Sunday, February 28, 2010

Lidércfény


Congratulations to Trevor for the East Coast premier of Lidércfény and his debut concert as a doctoral student at Harvard. And compliments to Joshua Modney, Elizabeth Janzen, and Steve Beck of the Talea Ensemble for a breathtaking performance.

With both of us back on the same continent, Perpetuum mobile is gaining momentum. I traveled up through the blizzard from New York City to observe Trevor in his academic habitat and learn about the preparation that goes into a contemporary music performance.

Upon arriving, I parked with my luggage quietly in the back of Harvard's Paine Auditorium to observe my first music rehearsal. Rehearsal is spelled with the word "hear", which had not occurred to me before. I jotted a couple of first impressions down on the DNA mismatch repair article I had been reading on the train: for one, the musicians spoke to and interacted with each other much more than with the composer.

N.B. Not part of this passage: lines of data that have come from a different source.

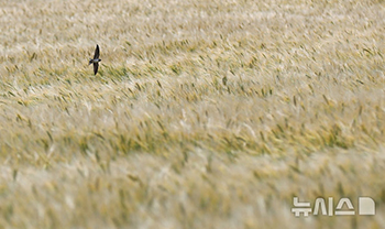 【NEWSIS】晴天となった8日午後、済州市内都洞で、黄色く染まっていく麦畑の上を滑空するツバメたち。
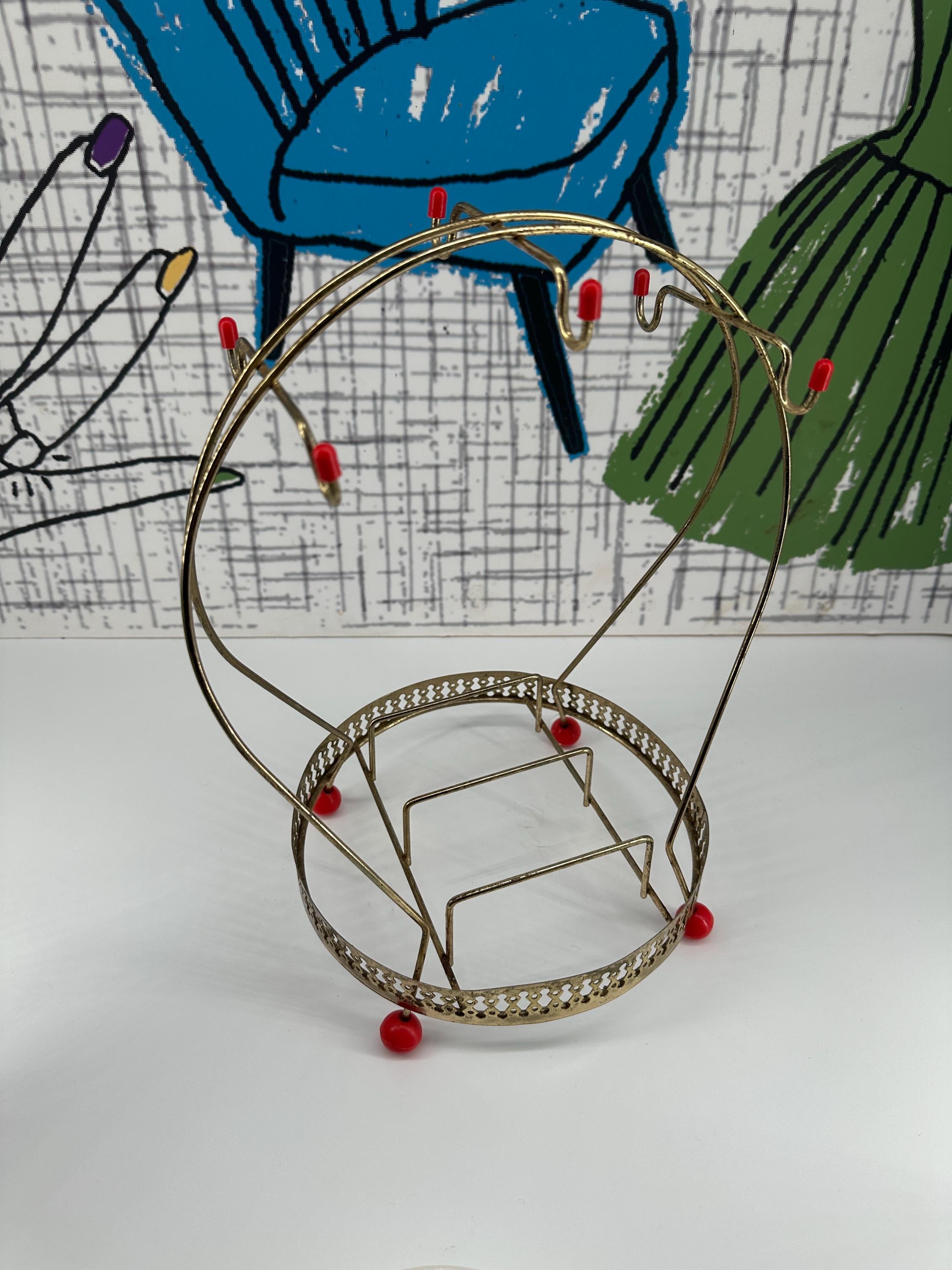 Vintage brass display stand trimmed in red
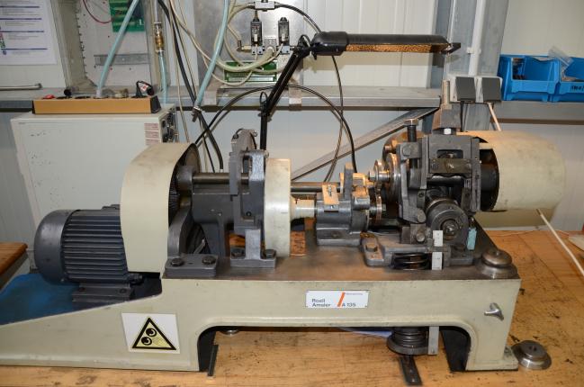 | Verwendungszweck | Der Zwei-Scheiben-Prüfstand "A135" der Firma Roell-Amsler kann zur Untersuchung der Bewegungsarten Rollen, Gleiten und Wälzen eingesetzt werden. |
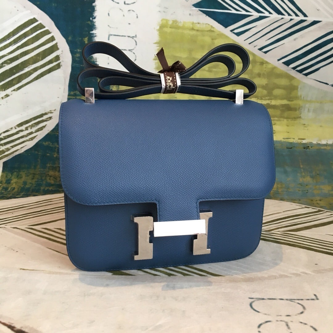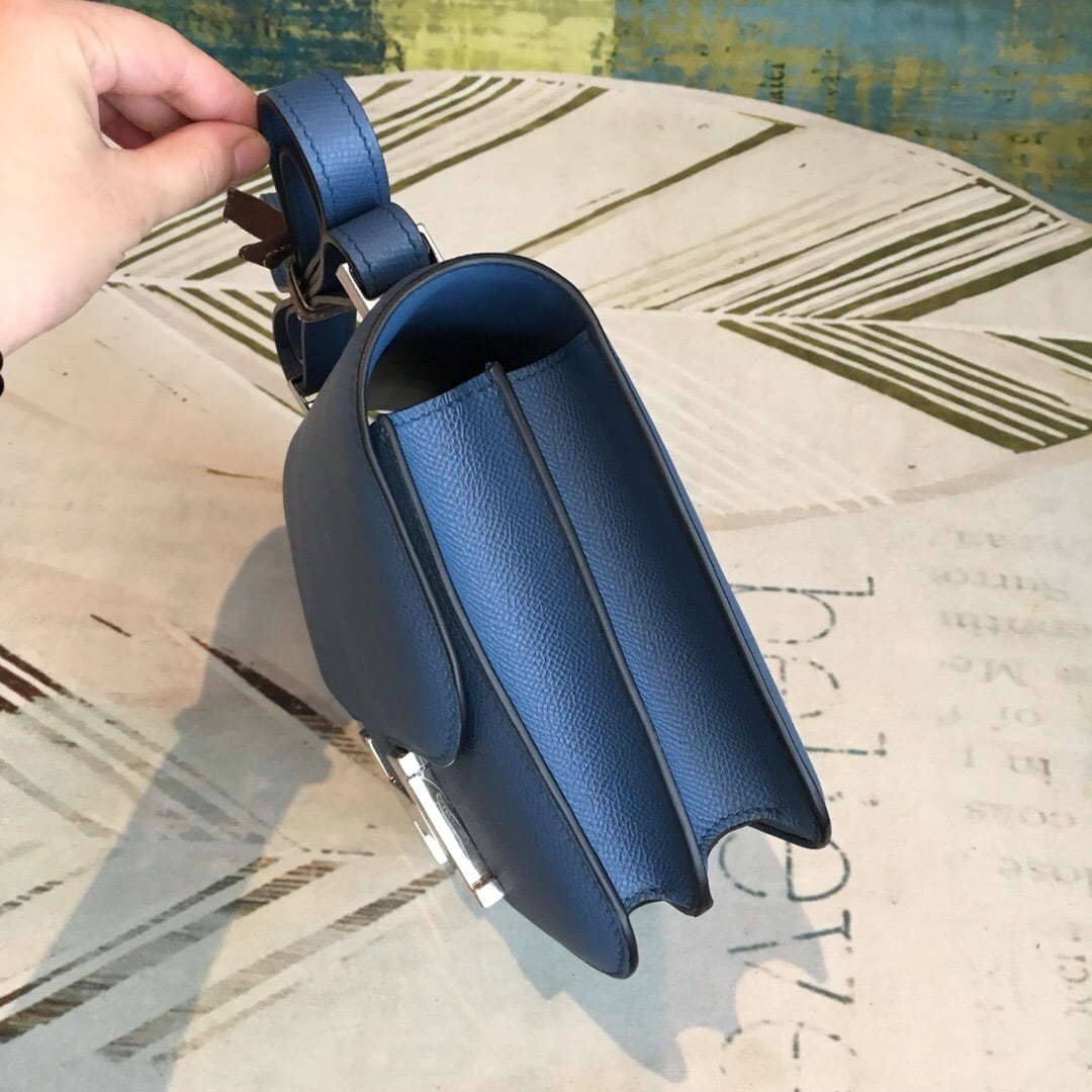 1:1 Replica Hermes Constance 18 Epsom Navy Blue For Women Silver Toned Hardware, Women’s Handbags, Shoulder Bags 7.1in/18cm
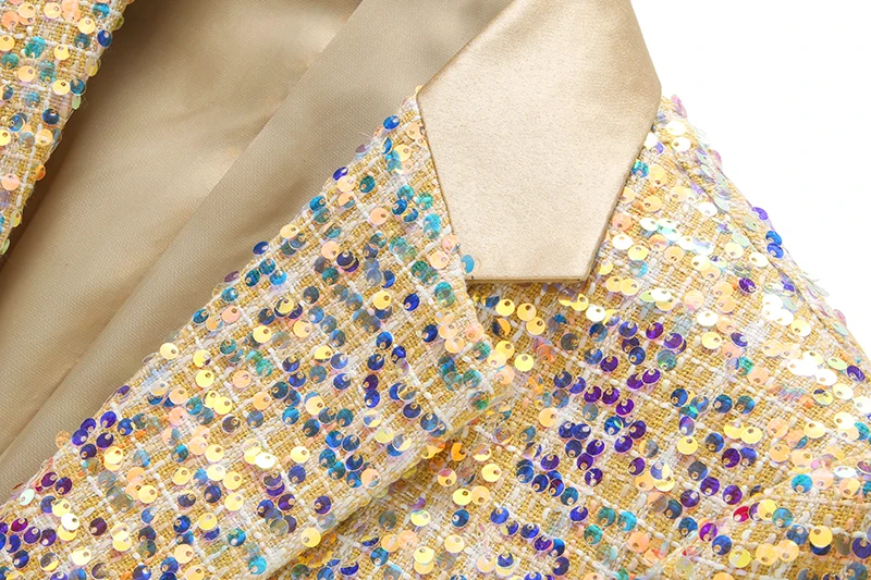 Luxo terno de lantejoulas de ouro dos homens, smoking desempenho de palco, jaqueta e calças, mostrar jaqueta, cantor, bar, KTV, moda, tamanho grande, XXL, novo, 2 pcs
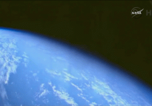Der „Raise Burn“ (links) der Thruster (Steuerdüsen) diente zur Ausrichtung der Orionkapsel für den Wiedereintritt.
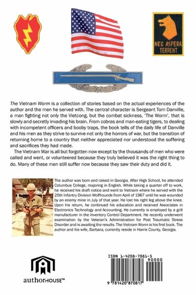 "The Vietnam Worm" is a collection of stories based on the actual experiences of the author and the men he served with. The central character is Sergeant Tom Danville, a man fighting not only the Vietcong, but the combat sickness, 'The Worm', that is slowly and secretly invading his brain. From cobras and man-eating tigers, to dealing with incompetent officers and booby traps, the book tells of the daily life of Danville and his men as they strive to survive not only the horrors of war, but the transition of returning home to a country that neither appreciated nor understood the suffering and sacrifices they had made. The Vietnam War is all but forgotten now except by the thousands of men who were called and went, or volunteered because they truly believed it was the right thing to do. Many of these men still suffer now because they saw their duty and did it.
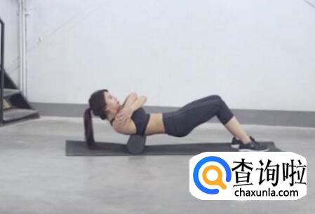 1.仰卧姿抱胸双腿屈膝,将泡沫轴放在中背部下方,腹部收紧;
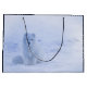 Saco de presente de Natal com uma fotografia de uma raposa ártica branca. Uma paisagem de neve invertida rodeia esta criatura encantadora.
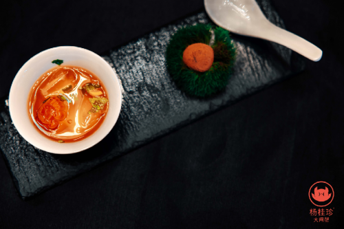 正是出于对品质的高要求,杨桂珍自创立以来先后被政府评为:全国金奖品牌、浙江特色好礼、城市地标美食。2015年至2022年杨桂珍大闸蟹连续八年在全国河蟹大赛中获得“金蟹奖”和“最佳口感奖”,并连续被中央电视台、新华社、人民日报等央媒多次报道。杨桂珍通过一代养蟹人的求索,三代养蟹人的坚持,在成为大闸蟹高端品牌的道路上不断前行。雅合鲜浓香,野喜满时润。8道美味在创意与沉淀之中,传统与现代之内,提炼整合,雕琢打磨,最后呈现在餐盘。于种种由杨桂珍带来的惊喜之中,感受来自时间的沉淀与积累。
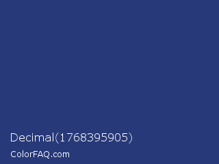 Decimal 1768395905 Color is a normal blue color and the nearest color is Astronaut #283a77. Hex code #273979 and RGB value is rgb(39,57,121). In RGB color space, this color is composed of 15% red, 22% green, 47% blue, In CMYK color space, this color is composed of 68% cyan, 53% magenta, 0% yellow , 53% black , In HSL color space, this color has a hue angle of 227° , 51% saturation and 31% lightness.
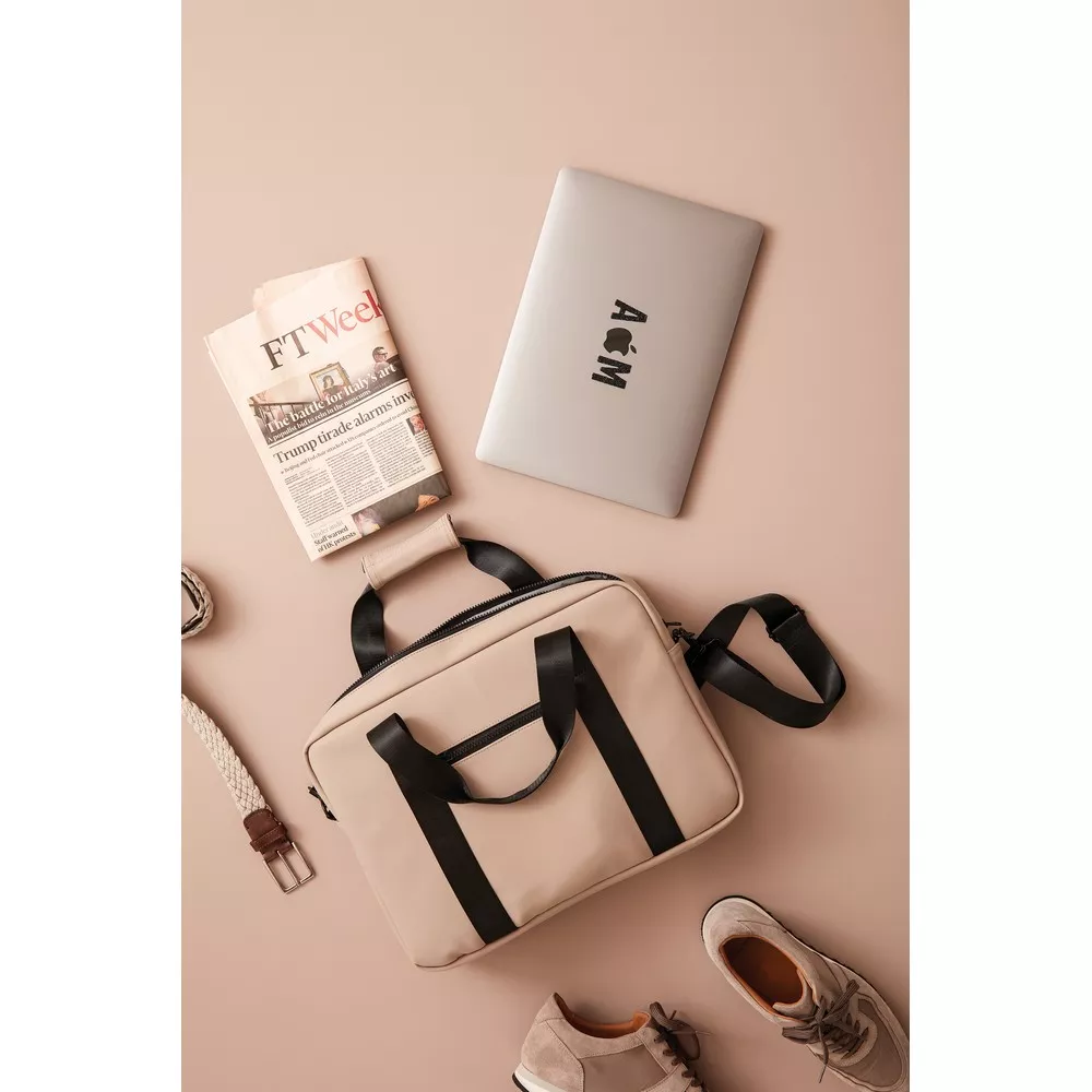Torba na laptopa, wewnątrz kieszenie na drobiazgi, pasek do zamocowania na walizce, wykonana z wodoodpornego materiału, regulowany pasek na ramię
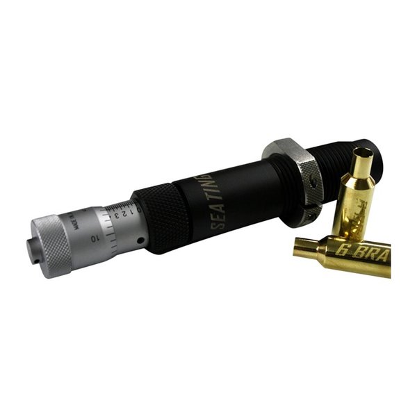 Außerdem wird die Bullet Seating Die von SAC mit einem Mitutoyo-Mikrometerkopf ausgestattet, der .001″ Teilungen für eine Gesamtreise von .500″ bietet, was genauere Anpassungen beim Setzen der Geschosse ermöglicht. Schließlich wurde ein Mikrometertensystem integriert, um ein sehr positives Gefühl beim Drehen des Mikrometerkopfes zu gewährleisten und ungewollte Bewegungen zu verhindern.
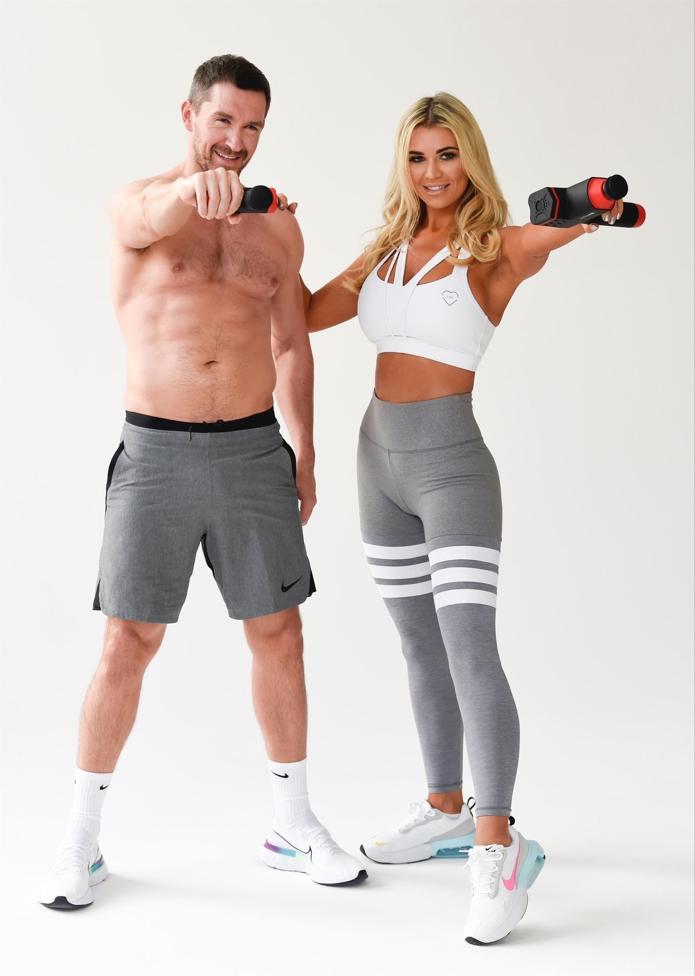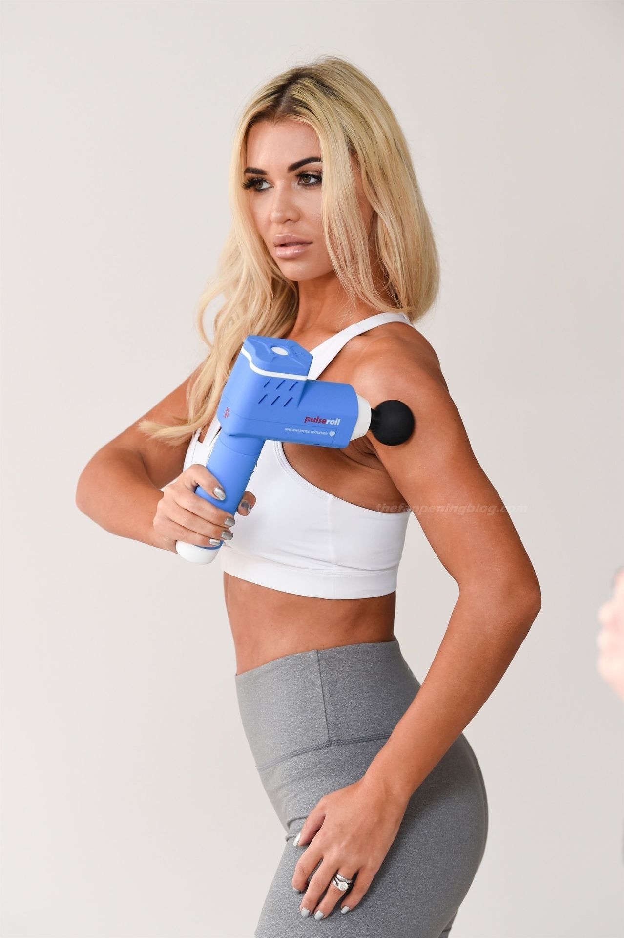Le mannequin britannique et ancienne star de Real Housewives of Cheshire, Christine McGuinness, montre son corps incroyable lors d’une séance photo avec Anthony Quinlan pour sa gamme de vêtements de sport My Vibe et son pistolet de massage Pulse Roll à Manchester, le 23/12/2020.

Trevor was a humbled observer rather than the proactive "maestro" that I was expecting. This dynamic was reiterated with other composer/musician pairs in the dress rehearsal the next day. It was clear that a lot more power resides in the virtuoso talents that perform the music than my biases had programmed me to expect. The musician-composer dialectic seems a balanced symbiosis, truly each party dependent on the other. I was also struck by the remarkable level of focus and intensity both Trevor and the musicians had while on stage. After the rehearsal, I got a chance to interact with the musicians. I am grateful to Elizabeth Janzen, who took the time to show me the mark ups on her score. She explained that color coding and notation helps her act on instinct during the performance rather than having to remember or process all the levels of complexity embedded in the piece.




Afterward, I got the opportunity to speak to one of Trevor's instructors, Prof. Christopher Hasty, who kindly agreed to let me audit his critical theory class while I am here this week. He shares our interest in exploring the question of how to achieve true interdisciplinary collaboration. What are the barriers that prevent a scientist from musical expression? Or a composer from using, as a creative point of departure, aspects of the natural world that are beyond the scale of human senses.

Trevor and I agreed that a central goal of our project is to expand access, 1) for scientists to communicate through sound, which is a fundamentally more intuitive and finely tuned sense for comprehending small frequency fluctuations and differences than the eye and 2) for composers to draw inspiration from the natural world that is currently only accessible through high tech or cryptic intermediaries such as microscopes or genomic sequences.

Do these barriers exist for a good reason? If not, how do we start to dismantle them?

The flight of the bumblebee, post-genomic redux.